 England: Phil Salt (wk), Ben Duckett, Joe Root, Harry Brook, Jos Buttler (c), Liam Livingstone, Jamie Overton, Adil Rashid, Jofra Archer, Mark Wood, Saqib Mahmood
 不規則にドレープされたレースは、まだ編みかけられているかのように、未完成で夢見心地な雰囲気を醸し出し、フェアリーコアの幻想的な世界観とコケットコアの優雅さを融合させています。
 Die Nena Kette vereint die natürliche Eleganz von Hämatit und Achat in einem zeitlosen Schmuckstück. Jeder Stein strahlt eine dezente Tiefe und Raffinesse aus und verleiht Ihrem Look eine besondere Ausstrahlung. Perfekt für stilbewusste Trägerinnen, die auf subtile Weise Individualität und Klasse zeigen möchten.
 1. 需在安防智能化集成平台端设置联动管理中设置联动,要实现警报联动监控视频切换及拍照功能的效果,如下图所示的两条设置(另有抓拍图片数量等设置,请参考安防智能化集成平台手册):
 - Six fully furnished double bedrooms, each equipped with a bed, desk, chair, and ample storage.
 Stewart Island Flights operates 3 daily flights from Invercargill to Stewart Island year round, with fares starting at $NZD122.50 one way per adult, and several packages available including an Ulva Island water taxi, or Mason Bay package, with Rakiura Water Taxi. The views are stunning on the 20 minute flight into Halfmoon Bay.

- Required work
Please copy the line that holds "Die Nena Kette" and each line under it through the last line above, exactly as they stand, adding nothing.

- Problem solution
 Die Nena Kette vereint die natürliche Eleganz von Hämatit und Achat in einem zeitlosen Schmuckstück. Jeder Stein strahlt eine dezente Tiefe und Raffinesse aus und verleiht Ihrem Look eine besondere Ausstrahlung. Perfekt für stilbewusste Trägerinnen, die auf subtile Weise Individualität und Klasse zeigen möchten.
 1. 需在安防智能化集成平台端设置联动管理中设置联动,要实现警报联动监控视频切换及拍照功能的效果,如下图所示的两条设置(另有抓拍图片数量等设置,请参考安防智能化集成平台手册):
 - Six fully furnished double bedrooms, each equipped with a bed, desk, chair, and ample storage.
 Stewart Island Flights operates 3 daily flights from Invercargill to Stewart Island year round, with fares starting at $NZD122.50 one way per adult, and several packages available including an Ulva Island water taxi, or Mason Bay package, with Rakiura Water Taxi. The views are stunning on the 20 minute flight into Halfmoon Bay.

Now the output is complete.